**DATA:**

<<<<

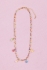 The necklace consists of a gold chain with beads and a bright metal chain with colored stones. It is decorated with shining pendants in the form of flowers and teddy bears - everything that little fashionistas love so much.
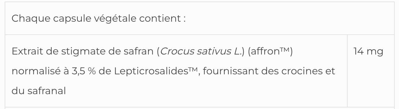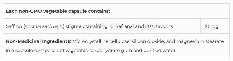 Ingrédients médicinaux (par capsule): Extrait de stigmate de safran (Crocus sativus L.) (affron™), normalisé à 3,5 % de Lepticrosalides™, fournissant crocines et safranal ...... 14 mg
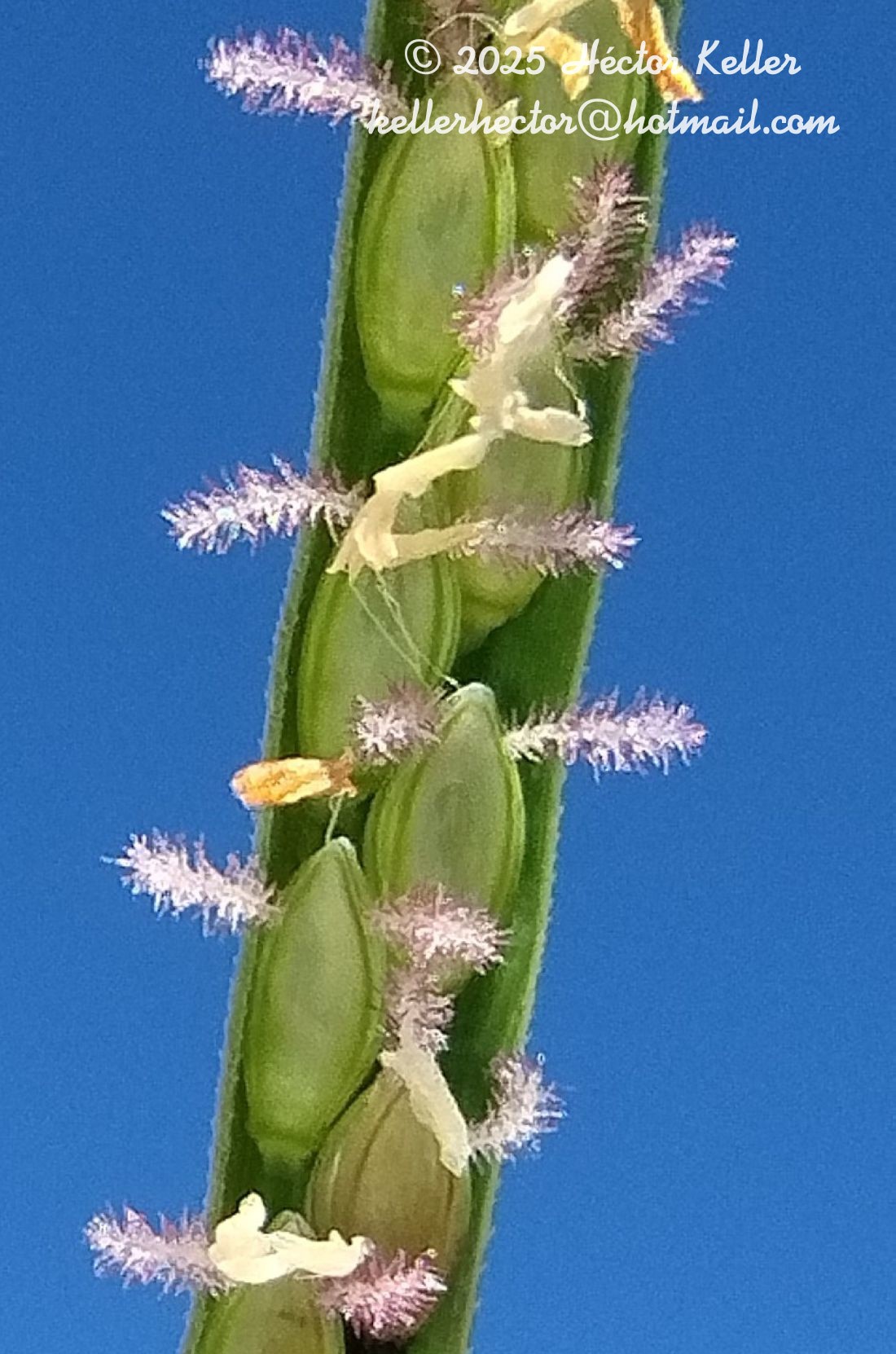 Observaciones: Miembro del grupo Dissecta, es afín a Paspalum longicuspe Nash, especie que habita en América del Norte; se distingue de ésta por poseer espiguillas menores, de 1,2-2 mm de largo, imbricadas, dispuestas en 2 series a lo largo del raquis de los racimos.
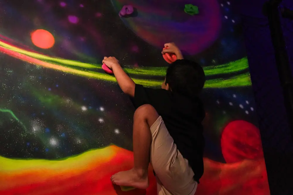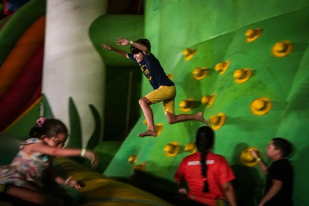 Além disso, slackline – também profissional –, parede de escalada e brincadeiras, a exemplo de gira kids, batalha de cotonetes e piscina de bolinhas no trampolim, completam a alegria. Enquanto pulamos, sempre auxiliados por monitores, projeções mergulham a visão em planetas, estrelas e galáxias. O imenso do planeta fica bem próximo, e fascina.

>>>>

**WORK INSTRUCTION:** Give back, exactly as written, the lines from the top of the material through the line with "Ingrédients médicinaux (par", ends included and pictures left aside.

**FINISHED EXERCISE:**
 The necklace consists of a gold chain with beads and a bright metal chain with colored stones. It is decorated with shining pendants in the form of flowers and teddy bears - everything that little fashionistas love so much.
 Ingrédients médicinaux (par capsule): Extrait de stigmate de safran (Crocus sativus L.) (affron™), normalisé à 3,5 % de Lepticrosalides™, fournissant crocines et safranal ...... 14 mg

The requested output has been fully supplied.